Methods: This study included 1,133 critically ill patients with AP from the Medical Information Mart for Intensive Care-IV (MIMIC-IV) database, who were randomly divided into the training cohort (n=806) and the validation cohort (n=327) at a ratio of 7:3. X-tile software was used to determine the optimal cut-off values for GLR. Area under the curve (AUC) analysis was performed to compare the performance between GLR and other blood-based inflammatory biomarkers. Univariate and multivariate Cox regression analyses were applied to select prognostic factors associated with in-hospital mortality. A nomogram model was developed based on the identified prognostic factors and the validation cohort was used to further validate the nomogram.
Results: The optimal cut-off value for GLR was 0.9. The ROC analyses showed that the discrimination abilities of GLR were better than other blood-based inflammatory biomarkers. Multivariate Cox regression analysis demonstrated that age, platelet, albumin, bilirubin, Sequential Organ Failure Assessment (SOFA) score, and GLR are independent predictors of poor overall survival in the training cohort and were incorporated into the nomogram for in-hospital mortality as independent factors. The nomogram exhibited better discrimination with C-indexes in the training cohort and the validation cohort of 0.886 (95% CI=0.849– 0.922) and 0.841 (95% CI=0.767– 0.915), respectively. The calibration plot revealed an adequate fit of the nomogram for predicting the risk of in-hospital mortality in both sets.
Conclusion: As an easily available biomarker, GLR can independently predict the in-hospital mortality of critically ill patients with AP. The nomogram combining GLR with other significant features exerted favorable predictive performance for in-hospital mortality.

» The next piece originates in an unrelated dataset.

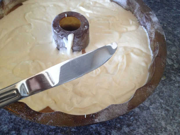 Vierta la mitad de la masa blanca en, superior con la mezcla de café entonces el resto de la masa blanca

Keywords: glucose-to-lymphocyte ratio, acute pancreatitis, predict, critically ill

Introduction

Acute pancreatitis (AP) is a common gastrointestinal condition, and the hallmark characteristic of AP is systemic inflammatory response.1 More than 25% of AP patients can proceed to severe conditions despite developments having been made in the diagnostics and treatment, which leads to intensive care unit (ICU) care.2 These critically ill patients with AP have high mortality rates in the range of 30–50% and a hospital length of stay of more than 1 month.3,4 As such, it is clinically significant to identify a novel biomarker for risk stratification in critically ill patients with AP with high accuracy.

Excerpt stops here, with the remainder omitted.